Segment Start: Input for this task

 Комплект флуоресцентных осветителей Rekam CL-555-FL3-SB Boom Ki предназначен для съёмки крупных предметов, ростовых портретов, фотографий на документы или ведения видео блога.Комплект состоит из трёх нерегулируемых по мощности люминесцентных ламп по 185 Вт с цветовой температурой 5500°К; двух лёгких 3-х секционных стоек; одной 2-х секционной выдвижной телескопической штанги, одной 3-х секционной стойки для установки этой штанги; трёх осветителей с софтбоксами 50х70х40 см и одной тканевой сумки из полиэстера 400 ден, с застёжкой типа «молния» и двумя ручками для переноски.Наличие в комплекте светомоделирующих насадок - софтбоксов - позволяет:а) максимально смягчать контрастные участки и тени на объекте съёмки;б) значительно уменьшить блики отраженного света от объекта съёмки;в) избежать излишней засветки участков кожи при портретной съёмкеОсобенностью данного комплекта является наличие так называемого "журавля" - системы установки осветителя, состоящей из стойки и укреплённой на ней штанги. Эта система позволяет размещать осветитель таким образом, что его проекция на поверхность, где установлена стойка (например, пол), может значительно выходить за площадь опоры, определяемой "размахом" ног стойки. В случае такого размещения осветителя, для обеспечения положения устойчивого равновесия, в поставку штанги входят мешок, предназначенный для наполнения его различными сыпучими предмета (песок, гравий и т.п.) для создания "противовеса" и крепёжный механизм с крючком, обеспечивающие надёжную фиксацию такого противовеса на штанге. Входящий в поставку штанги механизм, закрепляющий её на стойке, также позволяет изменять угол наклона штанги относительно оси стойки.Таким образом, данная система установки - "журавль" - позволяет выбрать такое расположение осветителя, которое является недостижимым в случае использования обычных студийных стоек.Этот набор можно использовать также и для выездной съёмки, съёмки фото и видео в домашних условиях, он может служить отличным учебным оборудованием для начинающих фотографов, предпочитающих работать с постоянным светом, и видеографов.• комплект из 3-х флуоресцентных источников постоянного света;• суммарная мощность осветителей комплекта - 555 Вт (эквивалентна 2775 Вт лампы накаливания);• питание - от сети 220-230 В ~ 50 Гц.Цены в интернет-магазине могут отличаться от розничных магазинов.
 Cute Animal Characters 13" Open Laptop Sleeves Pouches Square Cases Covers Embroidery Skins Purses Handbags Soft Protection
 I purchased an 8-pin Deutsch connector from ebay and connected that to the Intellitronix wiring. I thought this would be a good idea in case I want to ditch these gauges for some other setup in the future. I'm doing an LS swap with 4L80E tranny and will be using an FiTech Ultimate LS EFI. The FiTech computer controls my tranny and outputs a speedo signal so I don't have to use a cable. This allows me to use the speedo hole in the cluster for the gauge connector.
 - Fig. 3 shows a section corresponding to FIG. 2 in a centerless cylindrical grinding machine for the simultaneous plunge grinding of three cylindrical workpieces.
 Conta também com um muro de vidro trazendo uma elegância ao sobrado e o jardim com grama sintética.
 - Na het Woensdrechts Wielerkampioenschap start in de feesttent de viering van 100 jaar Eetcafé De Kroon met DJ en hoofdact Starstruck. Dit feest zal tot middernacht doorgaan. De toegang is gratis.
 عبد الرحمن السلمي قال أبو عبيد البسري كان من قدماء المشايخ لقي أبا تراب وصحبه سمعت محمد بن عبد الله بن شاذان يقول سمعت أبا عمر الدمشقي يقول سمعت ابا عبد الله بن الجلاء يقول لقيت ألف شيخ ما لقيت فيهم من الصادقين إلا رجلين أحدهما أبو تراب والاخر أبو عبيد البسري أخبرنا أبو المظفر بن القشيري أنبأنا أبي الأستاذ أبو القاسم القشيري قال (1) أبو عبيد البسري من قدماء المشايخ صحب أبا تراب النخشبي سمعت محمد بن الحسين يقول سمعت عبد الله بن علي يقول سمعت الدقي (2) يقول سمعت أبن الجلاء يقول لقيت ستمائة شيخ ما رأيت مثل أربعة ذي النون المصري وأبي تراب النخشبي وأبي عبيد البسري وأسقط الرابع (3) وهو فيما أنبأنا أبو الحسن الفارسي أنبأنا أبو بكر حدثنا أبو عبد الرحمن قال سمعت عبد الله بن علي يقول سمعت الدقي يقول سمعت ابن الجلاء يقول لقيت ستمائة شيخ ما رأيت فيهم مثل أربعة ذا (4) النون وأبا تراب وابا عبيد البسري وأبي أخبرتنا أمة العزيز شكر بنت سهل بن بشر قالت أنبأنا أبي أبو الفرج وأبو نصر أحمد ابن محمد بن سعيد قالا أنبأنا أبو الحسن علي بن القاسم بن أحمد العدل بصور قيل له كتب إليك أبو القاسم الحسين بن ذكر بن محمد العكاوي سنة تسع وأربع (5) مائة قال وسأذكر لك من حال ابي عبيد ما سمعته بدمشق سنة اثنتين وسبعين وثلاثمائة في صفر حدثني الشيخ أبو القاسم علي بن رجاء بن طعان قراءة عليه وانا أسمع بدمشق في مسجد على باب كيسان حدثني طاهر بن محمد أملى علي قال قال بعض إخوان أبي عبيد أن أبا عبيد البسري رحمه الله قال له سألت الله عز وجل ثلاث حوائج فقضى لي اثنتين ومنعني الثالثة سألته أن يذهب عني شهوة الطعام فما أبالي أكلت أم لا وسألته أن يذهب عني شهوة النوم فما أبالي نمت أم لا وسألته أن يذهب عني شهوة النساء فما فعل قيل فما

Segment End: Input for this task

Requirement:
Your task is to write out every record exactly.

Written solution:
 Комплект флуоресцентных осветителей Rekam CL-555-FL3-SB Boom Ki предназначен для съёмки крупных предметов, ростовых портретов, фотографий на документы или ведения видео блога.Комплект состоит из трёх нерегулируемых по мощности люминесцентных ламп по 185 Вт с цветовой температурой 5500°К; двух лёгких 3-х секционных стоек; одной 2-х секционной выдвижной телескопической штанги, одной 3-х секционной стойки для установки этой штанги; трёх осветителей с софтбоксами 50х70х40 см и одной тканевой сумки из полиэстера 400 ден, с застёжкой типа «молния» и двумя ручками для переноски.Наличие в комплекте светомоделирующих насадок - софтбоксов - позволяет:а) максимально смягчать контрастные участки и тени на объекте съёмки;б) значительно уменьшить блики отраженного света от объекта съёмки;в) избежать излишней засветки участков кожи при портретной съёмкеОсобенностью данного комплекта является наличие так называемого "журавля" - системы установки осветителя, состоящей из стойки и укреплённой на ней штанги. Эта система позволяет размещать осветитель таким образом, что его проекция на поверхность, где установлена стойка (например, пол), может значительно выходить за площадь опоры, определяемой "размахом" ног стойки. В случае такого размещения осветителя, для обеспечения положения устойчивого равновесия, в поставку штанги входят мешок, предназначенный для наполнения его различными сыпучими предмета (песок, гравий и т.п.) для создания "противовеса" и крепёжный механизм с крючком, обеспечивающие надёжную фиксацию такого противовеса на штанге. Входящий в поставку штанги механизм, закрепляющий её на стойке, также позволяет изменять угол наклона штанги относительно оси стойки.Таким образом, данная система установки - "журавль" - позволяет выбрать такое расположение осветителя, которое является недостижимым в случае использования обычных студийных стоек.Этот набор можно использовать также и для выездной съёмки, съёмки фото и видео в домашних условиях, он может служить отличным учебным оборудованием для начинающих фотографов, предпочитающих работать с постоянным светом, и видеографов.• комплект из 3-х флуоресцентных источников постоянного света;• суммарная мощность осветителей комплекта - 555 Вт (эквивалентна 2775 Вт лампы накаливания);• питание - от сети 220-230 В ~ 50 Гц.Цены в интернет-магазине могут отличаться от розничных магазинов.
 Cute Animal Characters 13" Open Laptop Sleeves Pouches Square Cases Covers Embroidery Skins Purses Handbags Soft Protection
 I purchased an 8-pin Deutsch connector from ebay and connected that to the Intellitronix wiring. I thought this would be a good idea in case I want to ditch these gauges for some other setup in the future. I'm doing an LS swap with 4L80E tranny and will be using an FiTech Ultimate LS EFI. The FiTech computer controls my tranny and outputs a speedo signal so I don't have to use a cable. This allows me to use the speedo hole in the cluster for the gauge connector.
 - Fig. 3 shows a section corresponding to FIG. 2 in a centerless cylindrical grinding machine for the simultaneous plunge grinding of three cylindrical workpieces.
 Conta também com um muro de vidro trazendo uma elegância ao sobrado e o jardim com grama sintética.
 - Na het Woensdrechts Wielerkampioenschap start in de feesttent de viering van 100 jaar Eetcafé De Kroon met DJ en hoofdact Starstruck. Dit feest zal tot middernacht doorgaan. De toegang is gratis.
 عبد الرحمن السلمي قال أبو عبيد البسري كان من قدماء المشايخ لقي أبا تراب وصحبه سمعت محمد بن عبد الله بن شاذان يقول سمعت أبا عمر الدمشقي يقول سمعت ابا عبد الله بن الجلاء يقول لقيت ألف شيخ ما لقيت فيهم من الصادقين إلا رجلين أحدهما أبو تراب والاخر أبو عبيد البسري أخبرنا أبو المظفر بن القشيري أنبأنا أبي الأستاذ أبو القاسم القشيري قال (1) أبو عبيد البسري من قدماء المشايخ صحب أبا تراب النخشبي سمعت محمد بن الحسين يقول سمعت عبد الله بن علي يقول سمعت الدقي (2) يقول سمعت أبن الجلاء يقول لقيت ستمائة شيخ ما رأيت مثل أربعة ذي النون المصري وأبي تراب النخشبي وأبي عبيد البسري وأسقط الرابع (3) وهو فيما أنبأنا أبو الحسن الفارسي أنبأنا أبو بكر حدثنا أبو عبد الرحمن قال سمعت عبد الله بن علي يقول سمعت الدقي يقول سمعت ابن الجلاء يقول لقيت ستمائة شيخ ما رأيت فيهم مثل أربعة ذا (4) النون وأبا تراب وابا عبيد البسري وأبي أخبرتنا أمة العزيز شكر بنت سهل بن بشر قالت أنبأنا أبي أبو الفرج وأبو نصر أحمد ابن محمد بن سعيد قالا أنبأنا أبو الحسن علي بن القاسم بن أحمد العدل بصور قيل له كتب إليك أبو القاسم الحسين بن ذكر بن محمد العكاوي سنة تسع وأربع (5) مائة قال وسأذكر لك من حال ابي عبيد ما سمعته بدمشق سنة اثنتين وسبعين وثلاثمائة في صفر حدثني الشيخ أبو القاسم علي بن رجاء بن طعان قراءة عليه وانا أسمع بدمشق في مسجد على باب كيسان حدثني طاهر بن محمد أملى علي قال قال بعض إخوان أبي عبيد أن أبا عبيد البسري رحمه الله قال له سألت الله عز وجل ثلاث حوائج فقضى لي اثنتين ومنعني الثالثة سألته أن يذهب عني شهوة الطعام فما أبالي أكلت أم لا وسألته أن يذهب عني شهوة النوم فما أبالي نمت أم لا وسألته أن يذهب عني شهوة النساء فما فعل قيل فما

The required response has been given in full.